Know whether your estimator uses long or short differences in the pre-treatment period. This determines what the pre-trend test actually tests — and mixing them on the same plot creates the kink artifact.
The kink artifact is real: Callaway-Sant’Anna with base_period='varying' (the default) creates a visual break at the treatment date that can mimic a treatment effect where none exists.
Match control groups across estimators. Never-treated vs. not-yet-treated is a substantive choice that affects both the estimand and comparability. When comparing CS/SA with BJS, remember that BJS always uses all untreated observations.
Post-treatment coefficients are generally comparable across all estimators (they target the same estimand: the ATT at each relative time). Pre-treatment coefficients require more care — they may answer different questions depending on the estimator.
As a rule: before overlaying event studies from different estimators, check that you’re comparing like with like — same coefficient construction, same control group, same reference period.
9 References
Arkhangelsky, D., Athey, S., Hirshberg, D. A., Imbens, G. W., & Wager, S. (2021). Synthetic Difference-in-Differences. American Economic Review, 111(12), 4088-4118.
Borusyak, K., Jaravel, X., & Spiess, J. (2024). Revisiting Event Study Designs: Robust and Efficient Estimation. Review of Economic Studies, 91(6), 3253-3285.

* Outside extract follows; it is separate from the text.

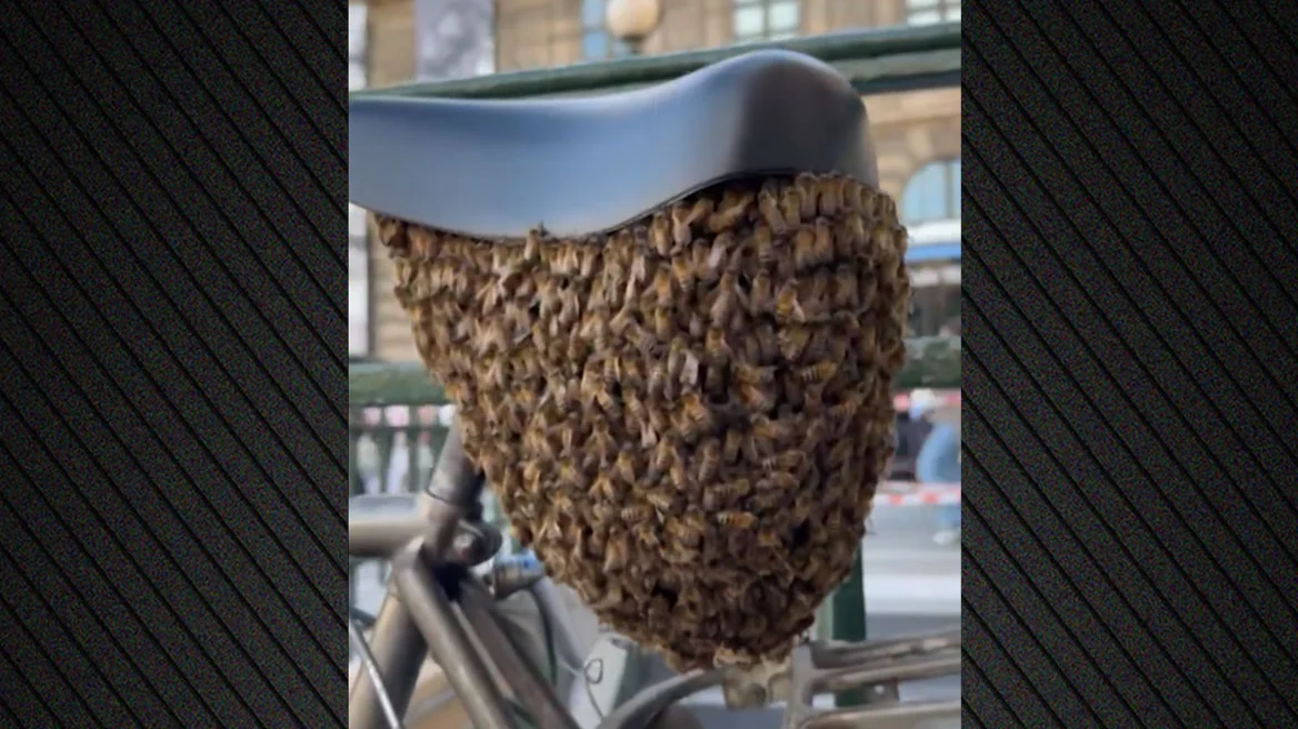 Σε βίντεο που κάνει τον γύρο του διαδικτύου φαίνεται η στιγμή που οι μέλισσες έχουν δημιουργήσει μια τεράστια φωλιά κάτω ακριβώς από τη σέλα του ποδηλάτου έξω από σταθμό του μετρό κοντά στην περιοχή του Λούβρου.

Callaway, B., & Sant’Anna, P. H. C. (2021). Difference-in-Differences with multiple time periods. Journal of Econometrics, 225(2), 200-230.
Gardner, J. (2022). Two-stage differences in differences. arXiv preprint arXiv:2207.05943.
Goodman-Bacon, A. (2021). Difference-in-Differences with Variation in Treatment Timing. Journal of Econometrics, 225(2), 254-277.
Roth, J. (2026). Interpreting Event Studies from Recent Difference-in-Differences Methods. arXiv preprint arXiv:2401.12309.
Sun, L., & Abraham, S. (2021). Estimating Dynamic Treatment Effects in Event Studies with Heterogeneous Treatment Effects. Journal of Econometrics, 225(2), 175-199.
Gerber, I. (2025). diff-diff: A comprehensive Python package for Difference-in-Differences. GitHub.